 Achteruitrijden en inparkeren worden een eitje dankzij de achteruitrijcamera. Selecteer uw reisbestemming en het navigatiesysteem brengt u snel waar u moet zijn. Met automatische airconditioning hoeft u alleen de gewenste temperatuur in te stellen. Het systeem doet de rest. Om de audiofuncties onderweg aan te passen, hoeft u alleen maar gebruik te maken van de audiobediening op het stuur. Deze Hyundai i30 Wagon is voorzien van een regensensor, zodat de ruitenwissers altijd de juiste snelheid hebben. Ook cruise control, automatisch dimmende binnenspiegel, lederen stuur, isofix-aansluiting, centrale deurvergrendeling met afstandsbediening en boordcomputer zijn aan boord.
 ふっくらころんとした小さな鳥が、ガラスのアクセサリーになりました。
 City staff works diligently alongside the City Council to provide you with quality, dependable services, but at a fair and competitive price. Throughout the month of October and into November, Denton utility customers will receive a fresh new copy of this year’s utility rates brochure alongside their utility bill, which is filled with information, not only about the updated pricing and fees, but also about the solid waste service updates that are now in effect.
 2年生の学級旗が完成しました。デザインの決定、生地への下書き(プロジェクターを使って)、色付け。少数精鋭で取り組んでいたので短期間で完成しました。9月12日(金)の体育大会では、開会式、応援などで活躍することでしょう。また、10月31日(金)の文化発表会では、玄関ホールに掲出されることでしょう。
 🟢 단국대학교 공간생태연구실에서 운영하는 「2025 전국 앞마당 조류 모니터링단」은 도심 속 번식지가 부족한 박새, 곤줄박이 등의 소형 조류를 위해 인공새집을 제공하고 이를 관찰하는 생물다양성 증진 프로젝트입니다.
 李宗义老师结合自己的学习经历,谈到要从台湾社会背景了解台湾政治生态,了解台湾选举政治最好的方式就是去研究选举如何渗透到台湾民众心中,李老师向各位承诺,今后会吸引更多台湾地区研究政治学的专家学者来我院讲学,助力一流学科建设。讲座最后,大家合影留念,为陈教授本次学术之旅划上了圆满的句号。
━━━━━━━━━━━━━━━━━━━━
Problem details: Each and every entry needs to be repeated exactly.

Result for this exercise:
 Achteruitrijden en inparkeren worden een eitje dankzij de achteruitrijcamera. Selecteer uw reisbestemming en het navigatiesysteem brengt u snel waar u moet zijn. Met automatische airconditioning hoeft u alleen de gewenste temperatuur in te stellen. Het systeem doet de rest. Om de audiofuncties onderweg aan te passen, hoeft u alleen maar gebruik te maken van de audiobediening op het stuur. Deze Hyundai i30 Wagon is voorzien van een regensensor, zodat de ruitenwissers altijd de juiste snelheid hebben. Ook cruise control, automatisch dimmende binnenspiegel, lederen stuur, isofix-aansluiting, centrale deurvergrendeling met afstandsbediening en boordcomputer zijn aan boord.
 ふっくらころんとした小さな鳥が、ガラスのアクセサリーになりました。
 City staff works diligently alongside the City Council to provide you with quality, dependable services, but at a fair and competitive price. Throughout the month of October and into November, Denton utility customers will receive a fresh new copy of this year’s utility rates brochure alongside their utility bill, which is filled with information, not only about the updated pricing and fees, but also about the solid waste service updates that are now in effect.
 2年生の学級旗が完成しました。デザインの決定、生地への下書き(プロジェクターを使って)、色付け。少数精鋭で取り組んでいたので短期間で完成しました。9月12日(金)の体育大会では、開会式、応援などで活躍することでしょう。また、10月31日(金)の文化発表会では、玄関ホールに掲出されることでしょう。
 🟢 단국대학교 공간생태연구실에서 운영하는 「2025 전국 앞마당 조류 모니터링단」은 도심 속 번식지가 부족한 박새, 곤줄박이 등의 소형 조류를 위해 인공새집을 제공하고 이를 관찰하는 생물다양성 증진 프로젝트입니다.
 李宗义老师结合自己的学习经历,谈到要从台湾社会背景了解台湾政治生态,了解台湾选举政治最好的方式就是去研究选举如何渗透到台湾民众心中,李老师向各位承诺,今后会吸引更多台湾地区研究政治学的专家学者来我院讲学,助力一流学科建设。讲座最后,大家合影留念,为陈教授本次学术之旅划上了圆满的句号。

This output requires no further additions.